Frecuentar Mi Jardín ImaginarioGre
Composer Pauline Oliveros said that we had a problem with listening, as a society, with sounds that lacked ideas, feelings and memory: what do you think are the current challenges in active listening?
I am now working on a large production together with other people, which will premiere on November 12 at the Festival Puerto Idea and is called “Monster of Echos” (Monstruo de Ecos, in Spanish). I mention this because it seeks a sensibility with sound that differs from deep listening. It also recognizes that one not only listens, but that in the sonic aspect one also makes oneself heard. And it seems to me that the whole school of active listening, which perhaps starts with John Cage or Pauline Oliveros, overlooks the fact that they are purely people from the Anglo-Saxon world who have never felt that they are not listened to. So, of course, they can say that we need to listen better. But that’s not the only thing we need, we also need to make ourselves heard, because not all of us are heard. That is why I am interested in exploring a Latin American sensibility where these two elements appear: making oneself heard and listening, reversibly. So in this latest work I take some of the figure of the monster of the Viña Music Festival. The amphitheater of the V Region creates very strong echoes from the audience to the artist. Therefore, the artist is affected by the echoes produced by the audience in some moments; the audience becomes the artist and the artist becomes the audience.
Could we speak of a logic that transcends colonialism from sound?
Yes, sometimes people tell me “Your thinking or research is decolonial” and I tell them that it is actually trans colonial. Because there is a kind of ambiguity between moving from initiatives that can be colonial to things that can be non-colonial and vice versa. And I think that, deep down, the message –or gift– that we can receive from Latin America is precisely that ambiguity in not knowing what we are. That is what interests me in the Echo Monster, that the “monster” is linked both to Pachamama and to show business, to the collective and to individualism.
Sometimes, in addition to sound, different artistic expressions such as dance, performance and poetry appear in your works: Are they ramifications of sound or forms that allow you to listen better?
Yes, they are ramifications of the same thing, both to listen better and to make oneself heard, which are equally strong and present. It is part of what I call a quest to become sensitized with movement. Like moving back and forth. Active listening is like social justice, which consists in what we need to listen better in order to listen to everyone. In the end, all quests for justice turn out to be unfair to some groups. Intuitively we recognize that there is no such thing as listening alone, there is no such thing as justice alone, but that every process is an arbitrary guide.
What is the potential of the soundscape as a didactic tool for teaching-learning processes aimed at caring for nature?

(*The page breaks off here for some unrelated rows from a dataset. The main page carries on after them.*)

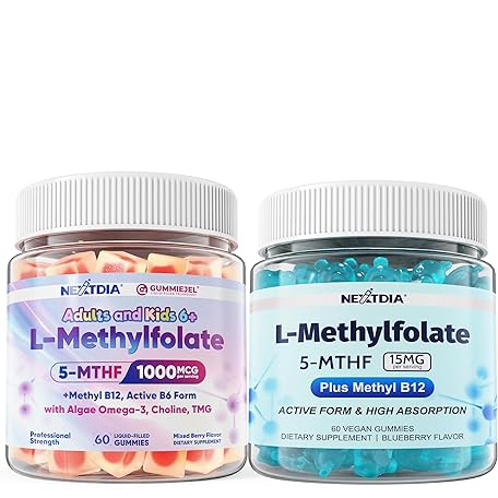 MethylFolate 15mg, L-Methylfolate 1000 mcg + Methyl B12 Gummies, 3Pack
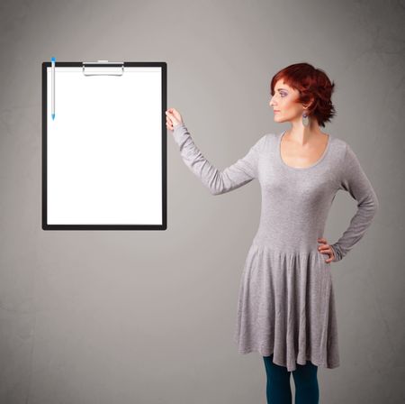 Beautiful young girl holding black folder with white sheet copy space
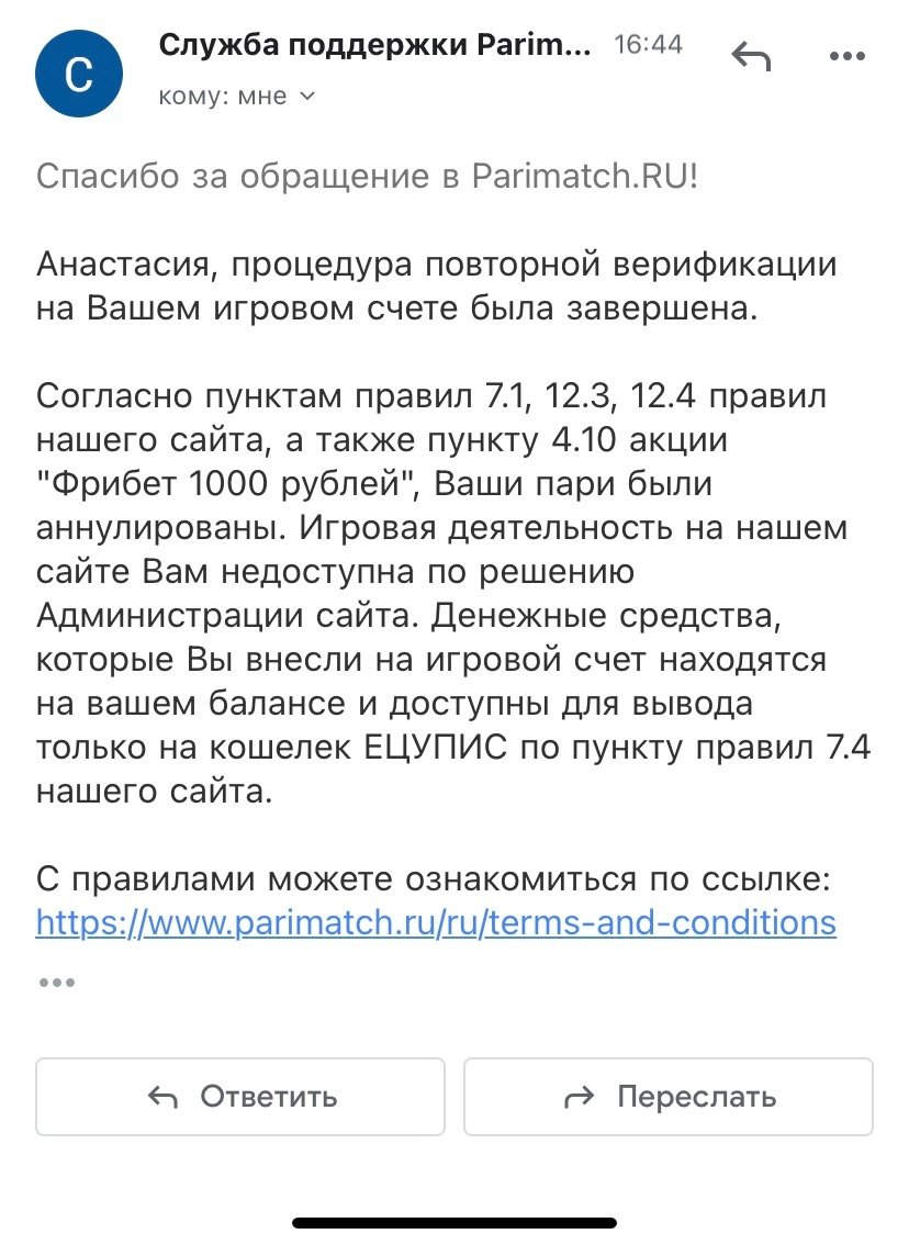НИКОГДА В ЖИЗНИ НЕ СТАВЬТЕ И НЕ СВЯЗЫВАЙТЕСЬ С ПАРИМАТЧ!!!ОНИ Просто МОШЕННИКИ!!!!По-другому их не назовёшь!!!Заблокировали Возможность вывода средств с аккаунта,затем прошла два раза верификацию и теперь они ответили,что аннулировали пари и оставили на счету только средства,которые бы заведены.Было поставлено много пари,из которых несколько стали выигрышными.На счету было 4 с лишним тысячи рублей,они просто взяли и списали выигранные средства со счета,по непонятным причинам!Требую вернуть свои выигранные средства,которые списали необоснованно со счёта!Просто НАЖИВАЮТСЯ НА ЛЮДЯХ!!!Чужие деньги воруют!!!!МОШЕННИКИ САМЫЕ НАСТОЯЩИЕ!!!Извещу всех кого можно,чтобы не ставили и не сотрудничали с данной конторой!!!Привлеку знакомых блогеров,чтобы сделали антирекламу этой конторе!!!Обманщики!!!Или пусть извиняться и возвращают деньги,выигранные честно на мой счёт!!!!Самая ужасная контора и ужасное отношение к клиенту!!!Пусть ждут,репутация у них будет явно подпорчена,пусть только попробуют не вернуть средства на счёт
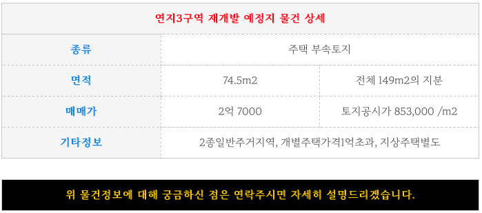 연지3구역 재개발 예정지에 대해 궁금하신 점은 연락주시면 자세히 설명 드리겠습니다.
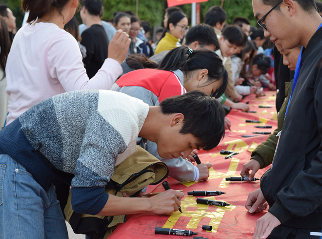 抵达Beat365医圣广场时,同学们集中在一起,在横幅上签下了自己的名字。热腾腾的气息随着笔墨一同烙印在横幅上,鲜红的横幅仿佛被赋予了生命般熠熠生辉。
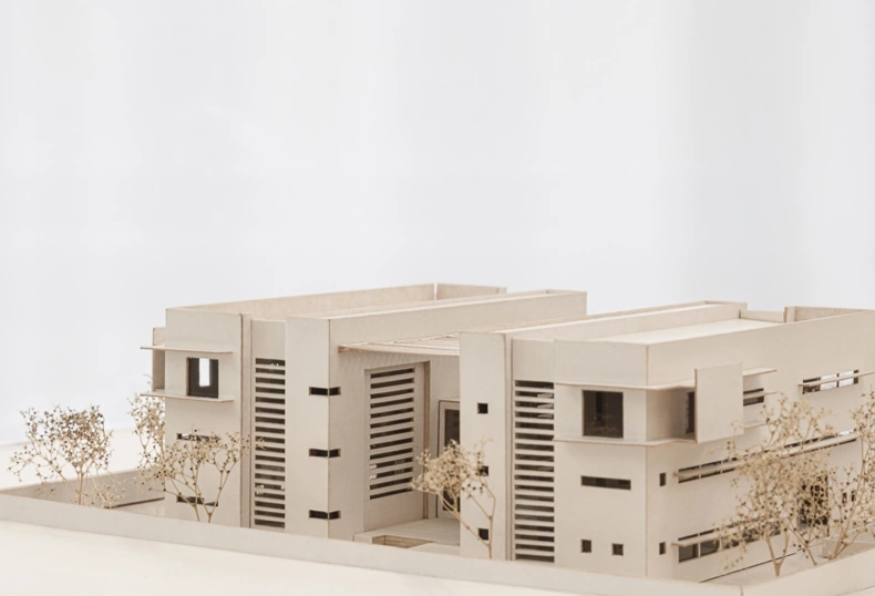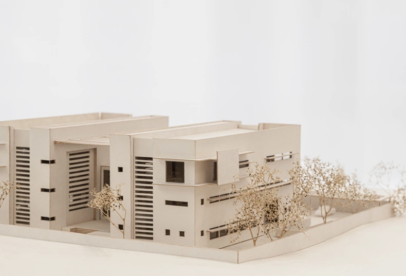 The floors are made of local Chanfuta wood, and local carpenters made all carpentry details. The white-painted concrete walls are uncomplicated surfaces that are easy to maintain. The details around windows and doors – as well as recesses and enclosures for privacy, and protection against the strong sunlight – emerge naturally out of the overall simplicity of the building.
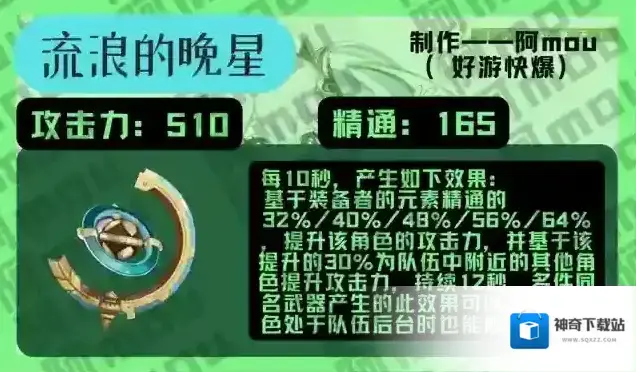 辅助向武器。精通副词条提供基础,虽然没千夜浮梦和祭礼残章那么多,但也不少。纳西妲带晚星可以通过被动–依靠提高自身精通提高自身攻击基础,还能以为(wèi)自身提供攻击基础折合30%收益于队伍中的其他角色。不过为队伍其他角色提供的不多,1000精通来算,精一晚星能为队友提供1000×32%×30%=96攻击力,精五则是96×2=192攻击力–相比其他角色提供的攻击力来说很少,但比没有强,起码让晚星不只是一个面板武器

The soundscape is a tool that needs to be explored more in education. I also think it would be very good to consider acoustic ecology to care for the environment. A very simple analysis that can be done is to walk and listen to your own footsteps, which can tell you how good the environment in which you are is. For example, in Santiago there are few places where you can listen to your own steps. This method allows one to realize if the sonorous spaces that we use can break through the natural ecosystem. For example, in national parks when one arrives at the camping section or if there is a kiosk playing music at a loud volume. We are constantly told, for example, not to leave garbage in the forest, but we don’t consider that music is also acoustic garbage in the background, because maybe a song that is being played has the same frequency as the sound emitted by a frog that could have problems to mate, for example, because of the music’s sound frequencies.
The different animals present in one place can create together a type of puzzle of sound frequencies –one species of birds with one band, and another with a different one– but they never clash with each other. Then, all of a sudden, a human appears with a stereo system that puts up a wall of frequencies and becomes a problem for the ecosystem.